Try it: In the data below, find the line with "Etats de service" and the line with "Есть ощущение, что", then restate both and every line between them exactly, minus the pictures.

(Source records Opens)

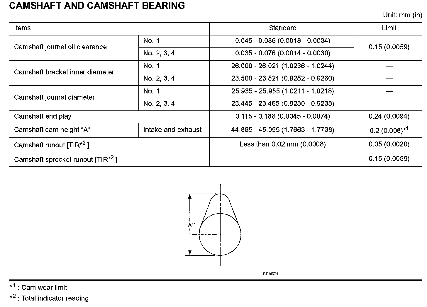 ^ If the calculated value exceeds the limit, replace either or both camshaft and cylinder head.
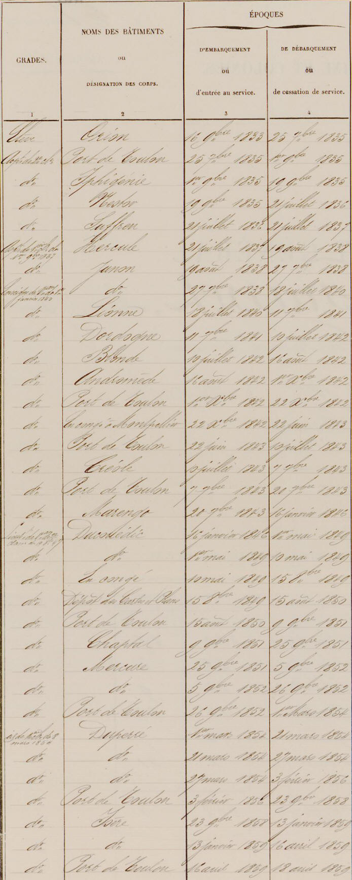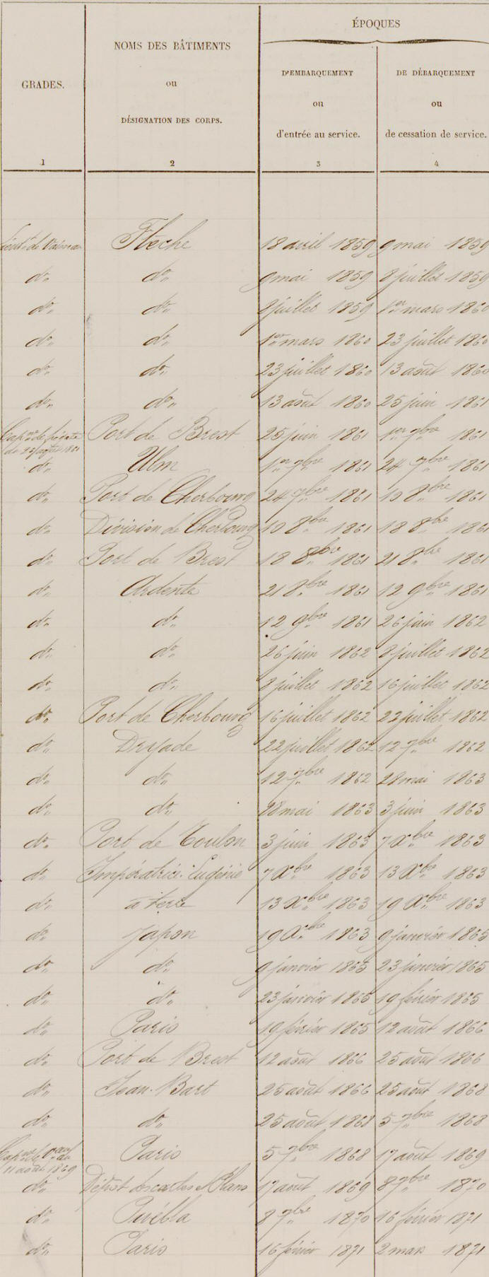 Etats de service
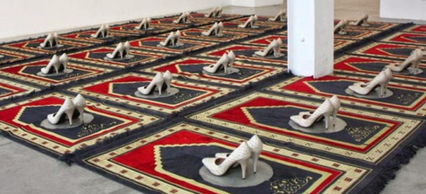 Escarpins sur tapis de prière : une installation artistique retirée
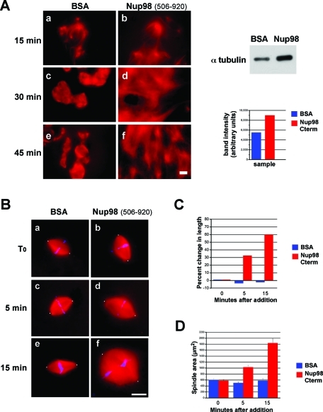 During mitosis, the nuclear pore complex is disassembled and, increasingly, nucleoporins are proving to have mitotic functions when released from the pore. We find a contribution of the nucleoporin Nup98 to mitotic spindle assembly through regulation of microtubule dynamics. When added to Xenopus extract spindle assembly assays, the C-terminal domain of Nup98 stimulates uncontrolled growth of microtubules. Conversely, inhibition or depletion of Nup98 leads to formation of stable monopolar spindles. Spindle bipolarity is restored by addition of purified, recombinant Nup98 C-terminus. The minimal required region of Nup98 corresponds to a portion of the C-terminal domain lacking a previously characterized function. We show association between this region of the C-terminus of Nup98 and both Taxol-stabilized microtubules and the microtubule-depolymerizing mitotic centromere-associated kinesin (MCAK). Importantly, we demonstrate that this domain of Nup98 inhibits MCAK depolymerization activity in vitro. These data support a model in which Nup98 interacts with microtubules and antagonizes MCAK activity, thus promoting bipolar spindle assembly.
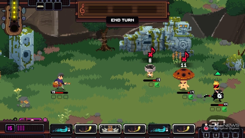Есть ощущение, что бас-гитара — самое сильное оружие, но и остальные инструменты по-своему хороши. Лично у меня постоянно возникало желание переключаться между ними, чтобы всё испробовать. Особенно когда регулярно получаешь новые приёмы, покупая их в магазинах или взаимодействуя со статуями, расставленными по всему миру. У каждого инструмента есть своя «колода», состоящая максимум из шестнадцати риффов, так что все подряд приёмы с собой в бой не возьмёшь — нужно подбирать их так, чтобы один усиливал другой. Взять ту же бас-гитару — есть навыки, увеличивающие показатель «слэпа», а есть приём, который наносит противнику урон, в пять раз превышающий этот показатель. Или взять «акустику» — некоторые связанные с ней способности дают персонажу броню, а некоторые — наносят урон, равный её количеству. И поскольку броня исчезает в конце хода, нужно постараться, чтобы выжать максимум из этих приёмов.
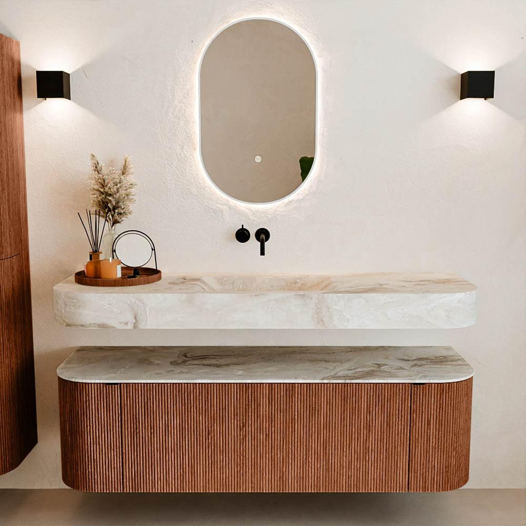 Natuurlijke materialen in warme tinten. De verticale ribbels brengen ritme en textuur in het ontwerp, terwijl het eikenhout zorgt voor een warme, ambachtelijke uitstraling. Kies uit 5 houttinten OAK, WALNUT, DUSK, SHADOW en RUBY zorgvuldig geselecteerde houtkleuren om zowel moderne als klassieke badkamers te verrijken.
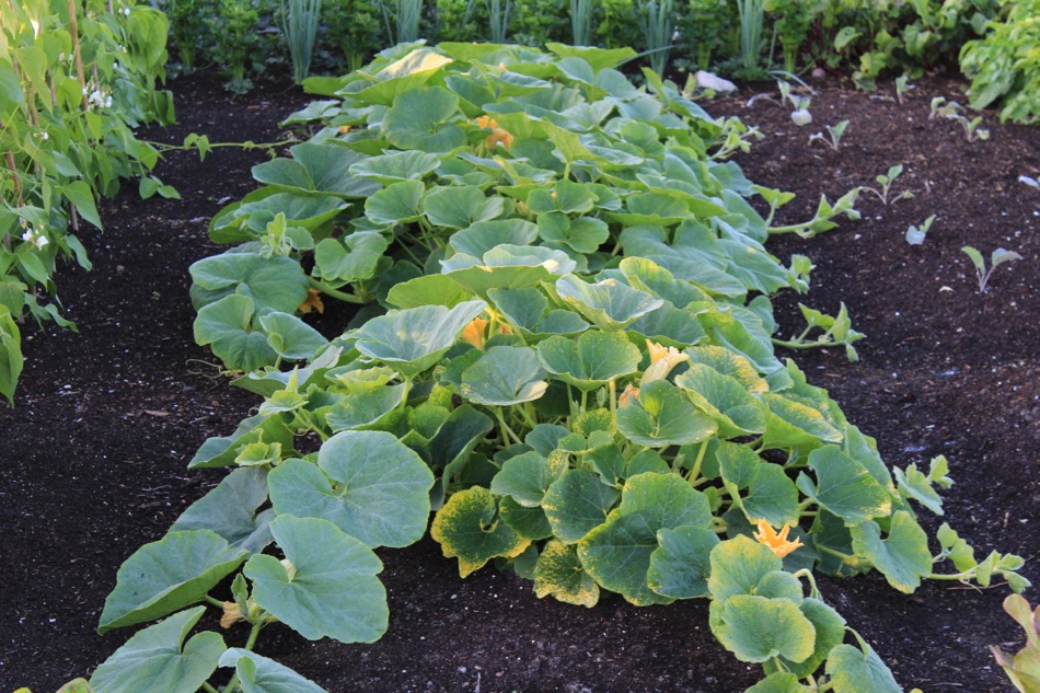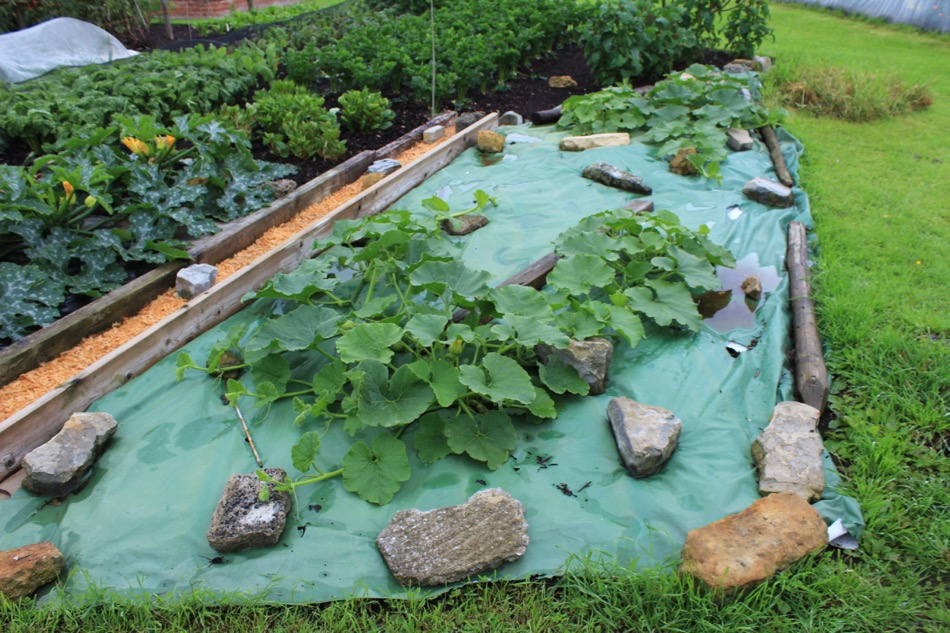 This was weedy pasture in April, there is 3in compost under the polythene, Crown Prince squash planted late April

(Source records Closes)

Solution to the exercise:
 Etats de service
 Escarpins sur tapis de prière : une installation artistique retirée
 During mitosis, the nuclear pore complex is disassembled and, increasingly, nucleoporins are proving to have mitotic functions when released from the pore. We find a contribution of the nucleoporin Nup98 to mitotic spindle assembly through regulation of microtubule dynamics. When added to Xenopus extract spindle assembly assays, the C-terminal domain of Nup98 stimulates uncontrolled growth of microtubules. Conversely, inhibition or depletion of Nup98 leads to formation of stable monopolar spindles. Spindle bipolarity is restored by addition of purified, recombinant Nup98 C-terminus. The minimal required region of Nup98 corresponds to a portion of the C-terminal domain lacking a previously characterized function. We show association between this region of the C-terminus of Nup98 and both Taxol-stabilized microtubules and the microtubule-depolymerizing mitotic centromere-associated kinesin (MCAK). Importantly, we demonstrate that this domain of Nup98 inhibits MCAK depolymerization activity in vitro. These data support a model in which Nup98 interacts with microtubules and antagonizes MCAK activity, thus promoting bipolar spindle assembly.
Есть ощущение, что бас-гитара — самое сильное оружие, но и остальные инструменты по-своему хороши. Лично у меня постоянно возникало желание переключаться между ними, чтобы всё испробовать. Особенно когда регулярно получаешь новые приёмы, покупая их в магазинах или взаимодействуя со статуями, расставленными по всему миру. У каждого инструмента есть своя «колода», состоящая максимум из шестнадцати риффов, так что все подряд приёмы с собой в бой не возьмёшь — нужно подбирать их так, чтобы один усиливал другой. Взять ту же бас-гитару — есть навыки, увеличивающие показатель «слэпа», а есть приём, который наносит противнику урон, в пять раз превышающий этот показатель. Или взять «акустику» — некоторые связанные с ней способности дают персонажу броню, а некоторые — наносят урон, равный её количеству. И поскольку броня исчезает в конце хода, нужно постараться, чтобы выжать максимум из этих приёмов.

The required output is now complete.